The Treasury will auction 6 and 12-month bills in the midst of investment fever

The Public Treasury is preparing an auction, to be held this Tuesday, February 7, for six- and twelve-month bills at a time when individual investors are showing great interest in buying this type of debt given its high profitability.

Thomas Osborne
Thomas Osborne
06 February 2023 Monday 01:48
17 Reads
The Treasury will auction 6 and 12-month bills in the midst of investment fever

The Public Treasury is preparing an auction, to be held this Tuesday, February 7, for six- and twelve-month bills at a time when individual investors are showing great interest in buying this type of debt given its high profitability. The physical queues at the Bank of Spain are a good example of the investor appetite for these products.

The marginal profitability at this time of these letters to six and twelve months is close to 3%. Specifically, in the last issuance of this type, interest stood at 2.599% on six-month bills and 2.998% on one-year bills, reaching its highest levels since August 2012. Three-month bills months, for their part, currently register a return of 2.198% and those of nine months, of 2.839%.

Since Tuesday, the Bank of Spain has established a mandatory prior appointment system for the entity's Direct Accounts service. The organization directed by Pablo Hernández de Cos thus intends to avoid the waiting of private investors during the last days at the headquarters.

The purchase of debt can also be carried out, however, through the Treasury website in the "securities purchase and sale service" option, as well as in financial institutions (banks or savings banks) and in securities companies and agencies.

“Small savers are not economists, but they usually know where they should put their money. Given the low profitability offered by banks, the inflation that literally eats up the value of their savings and the guarantee offered by the public debt, the demand for Treasury bills has skyrocketed”, explained the professor of the Degree in Administration and Management of VIU companies Tomás Gómez in statements to Europa Press.

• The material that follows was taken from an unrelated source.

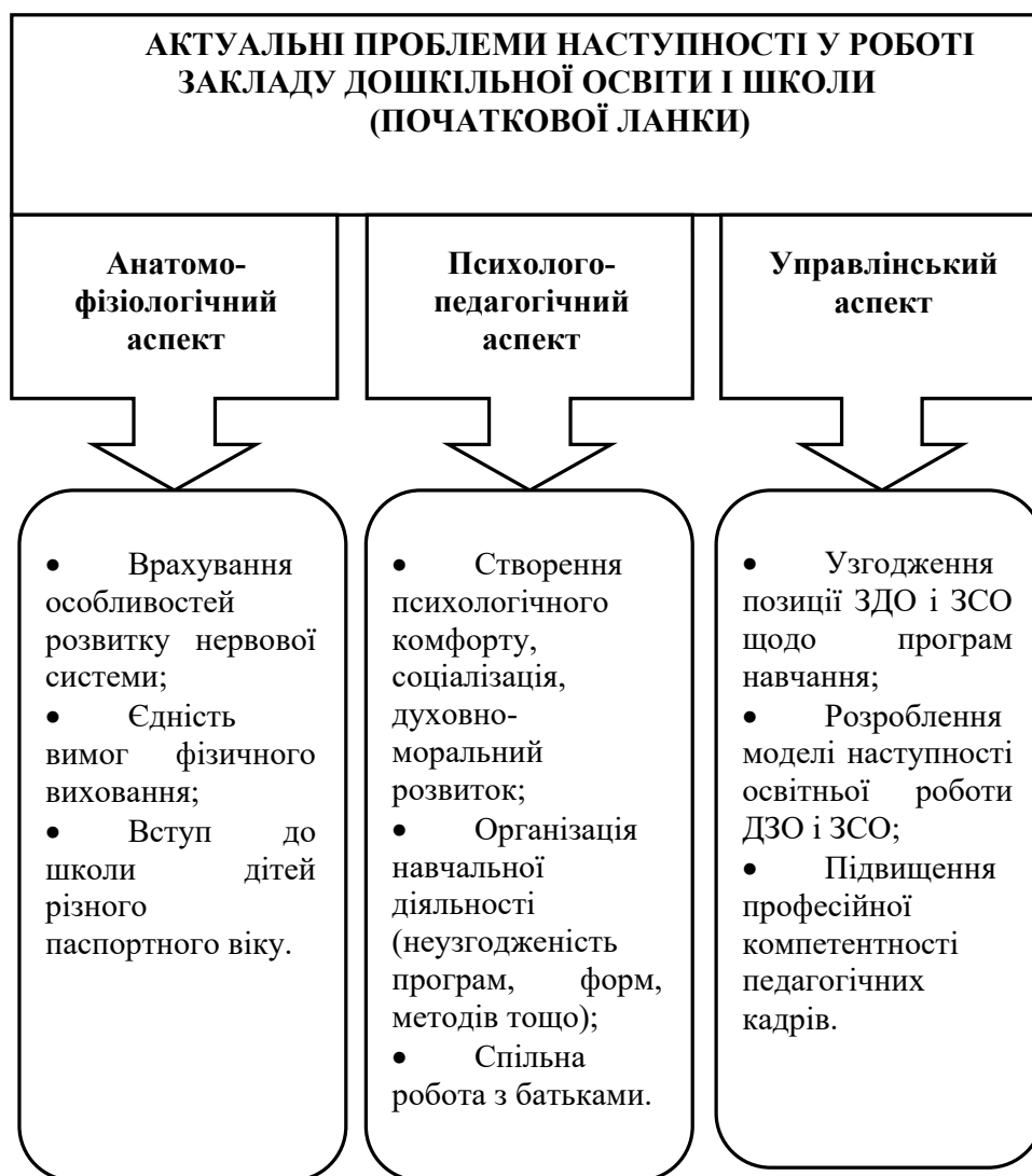
Рис. 2. Актуальні проблеми наступності у роботі закладу дошкільної освіти і школи

Встановлення спадкоємних зв'язків у розвиваючому навчанні математиці В. Туркіна вбачає у створенні «поля спадкоємних зв'язків» у різних математичних вміннях (проводити міркування, шукати докази, доводити твердження) (Turkina, 2003).

The Treasury will return to the markets on Tuesday, after placing 6,499.35 million euros in the first auction in February, remunerating investors in the four references issued at the highest rates. In fact, profitability managed to exceed 3.5% in 20-year State bonds.

All of this in a context marked by the successive rises in interest rates by both the Fed and the European Central Bank. In fact, the last decision adopted by the Governing Council of the European Central Bank (ECB) this week was to raise rates by 50 basis points, so that the interest rate for its refinancing operations will stand at 3%, while the deposit rate will reach 2.50% and the loan facility rate will reach 3.25%.

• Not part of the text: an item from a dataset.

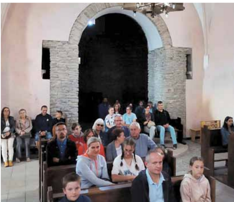
W programie wycieczki było m.in. zwiedzanie Rotundy św. Gotarda

For its part, the Federal Open Market Committee (FOMC) of the United States Federal Reserve (Fed) also decided this week to approve a rise in the country's interest rates of 25 basis points, to place them in a target range of between 4.50% and 4.75%, as reported this Wednesday.

In the bond market, the rise in interest rates makes the bond cheaper and attracts capital. An important part of international capital movements is due to this factor, which has "effects on the currency exchange rate," Gómez explained.

According to the Government in the general State budget (PGE) of 2023, the gross issuance by the Public Treasury will be 256,930 million euros this year, which represents an increase of 8.2% compared to the estimate for 2022, due to the rise in interest rates.

For its part, the net indebtedness of the Public Treasury in 2023 will remain at 70,000 million. Breaking down by type of instrument, the Treasury Bills are expected to provide net negative financing of 5,000 million, so the State bonds and obligations, together with the rest of the debts in euros and foreign currency, will contribute the remaining 75,000 million.